◆ Your task:
Restate every line of the data word for word, except for the images.

-- Exercise data follows --

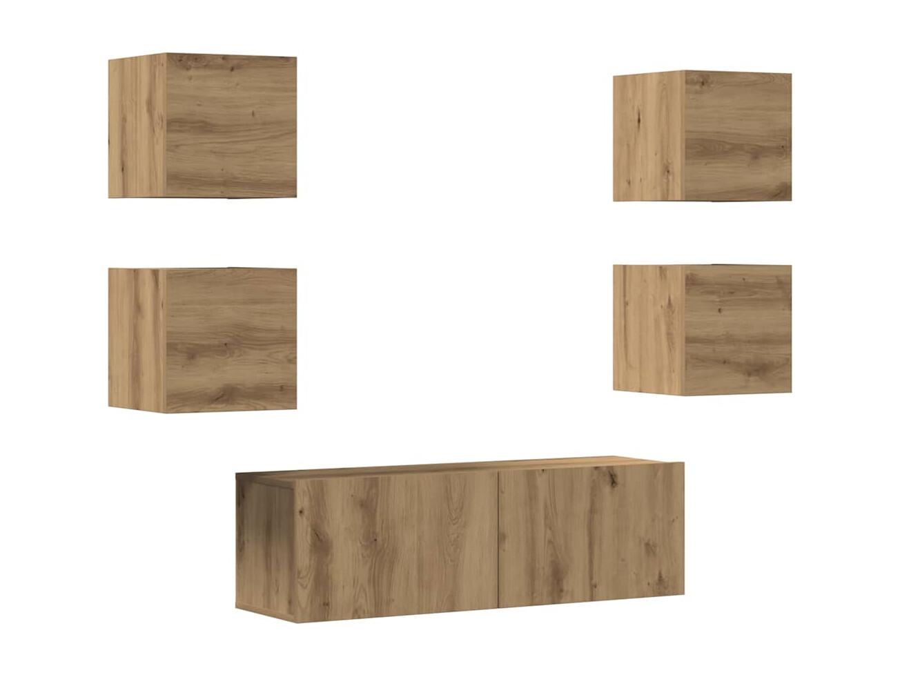 5-delig Tv-meubelset | Tv-Bank | TV-kast wandmontage bewerkt hout artisanaal eiken
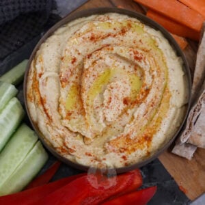 I serve my houmous in a little bowl, and I swirl in an extra small drizzle of olive oil, and I sprinkle on a little paprika, and sometimes sumac as well. I find it adds a nice look to the houmous, as well as a nice little hit of flavour.
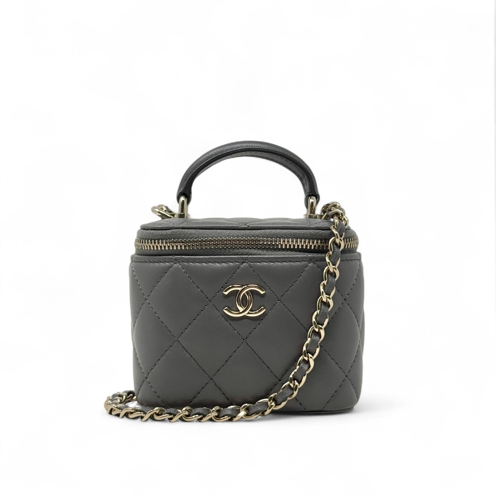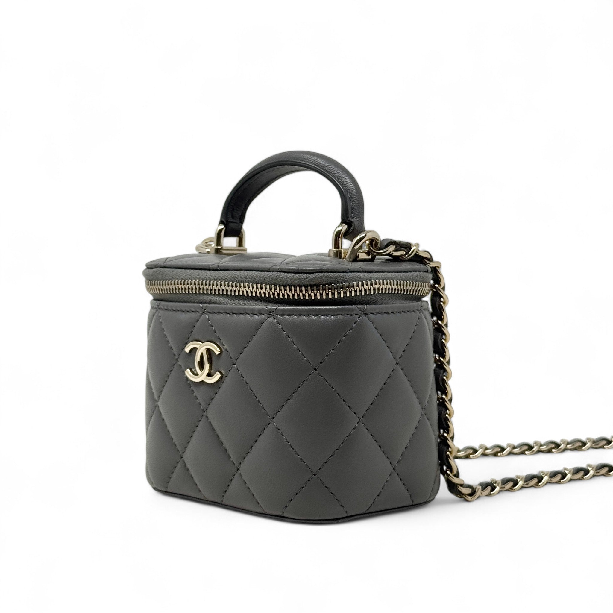 Chanel Grey Mini Vanity Case With Chain
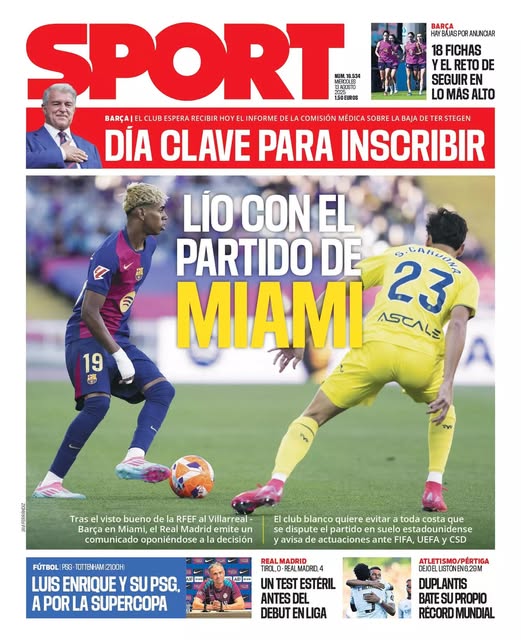 تصدرت أزمة اعتراض نادي ريال مدريد على إقامة مباراة برشلونة وفياريال بالدوري الإسباني في ميامي الأمريكية، أغلفة الصحف العالمية.

-- Exercise data concluded --

◆ Answer for this exercise:
 5-delig Tv-meubelset | Tv-Bank | TV-kast wandmontage bewerkt hout artisanaal eiken
 I serve my houmous in a little bowl, and I swirl in an extra small drizzle of olive oil, and I sprinkle on a little paprika, and sometimes sumac as well. I find it adds a nice look to the houmous, as well as a nice little hit of flavour.
 Chanel Grey Mini Vanity Case With Chain
 تصدرت أزمة اعتراض نادي ريال مدريد على إقامة مباراة برشلونة وفياريال بالدوري الإسباني في ميامي الأمريكية، أغلفة الصحف العالمية.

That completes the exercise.